Warm up for Gymnastics Class

Gymnastics is a sport that can be very demanding on your body. In order to avoid injury you should always do a sufficient warm-up before beginning your gymnastics class. Follow these easy steps for an easy yet effective warm-up.

Steps

  1. Start by jogging a couple laps around the floor. In order to warm-up your muscles you need to do some sort of cardio. The quickest way to get your heart rate up is by jogging. You can also do other exercises such as jump roping or jumping on/over mats.
  2. After about 5 minutes (or until you feel warm and are working up a light sweat) slow your jog to a walk.
  3. Begin by doing arm circles to warm-up your shoulder sockets. Circle your arms in front circles, back circles, and swing them back and forth in front of your body.
  4. Next, get down on your knees and stretch out your wrists.

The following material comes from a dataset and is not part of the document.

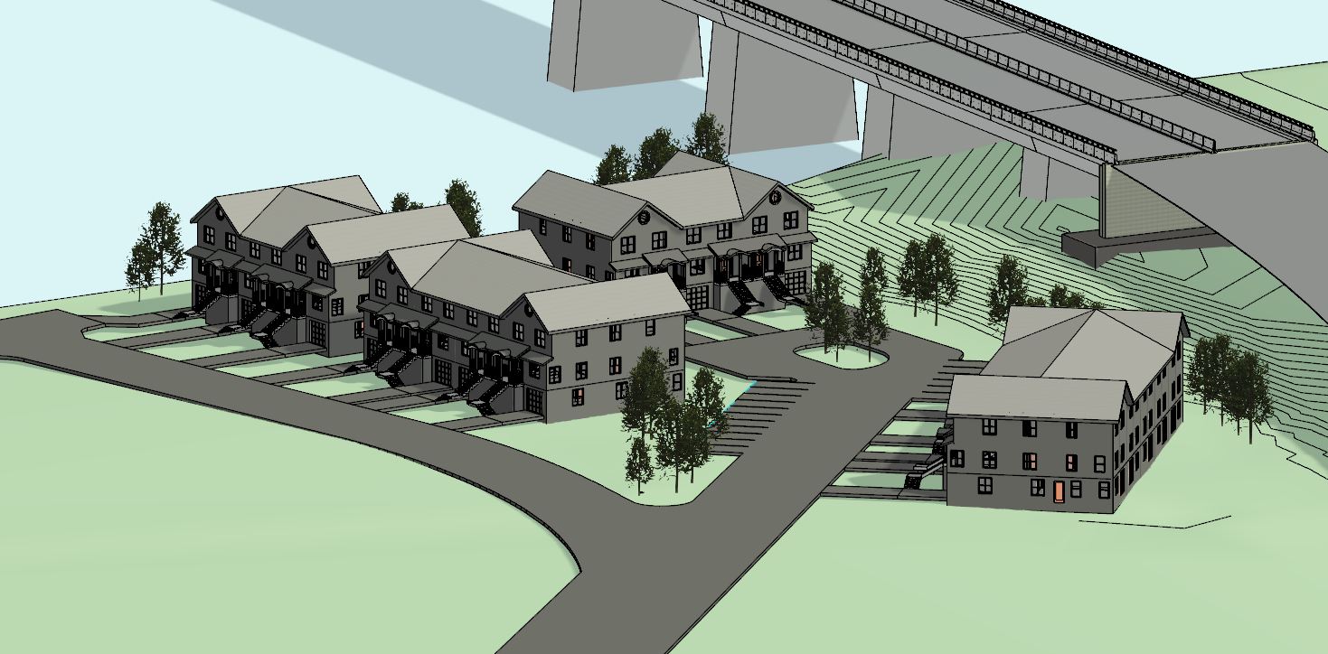 this image is a base image lock the geometry of the buildings bridge roads and camera view i would like you to add color and materials to the building that would be typically seen on townhomes in point pleasant new jersey make the white trees look like medium sized trees native to new jersey add grass where there aren t roads buildings water or the bridge make this image look as photorealistic as you can make it show the road and bridge surface as asphalt show the bridge s structure as concrete when designing the exterior of the buildings please make sure they all follow the same pattern when it comes to color and materials

Flip them under and slightly use your body weight to stretch them out.
  5. After stretching out your wrists, stretch  your ankles by starting on your hands and knees and extending your body into a plank like position. Next, roll your ankles one at a time in small circles on the ground.
  6. The most important stretch yet is the bridge. The bridge will stretch out your lower back which is used prominently while engaging in gymnastics. Begin by lying flat on your back and bending your knees. Place your hands by your ears, palms on the mat, with your fingers pointing towards your shoulders and your elbows in the air.
  7. Push your hips upwards until your body and head are off the ground, supported only by your hands and feet. Next extend your arms and legs until you feel a stretch in your lower back and shoulders.
  8. Next stretch any other muscles that feel tight and non-limber. Stretching your calves allows you to do the splits more easily.

Warnings

  • Don't stretch past what you are capable of. This could result in muscle injury.
  • Always stretch before you begin any type of workout.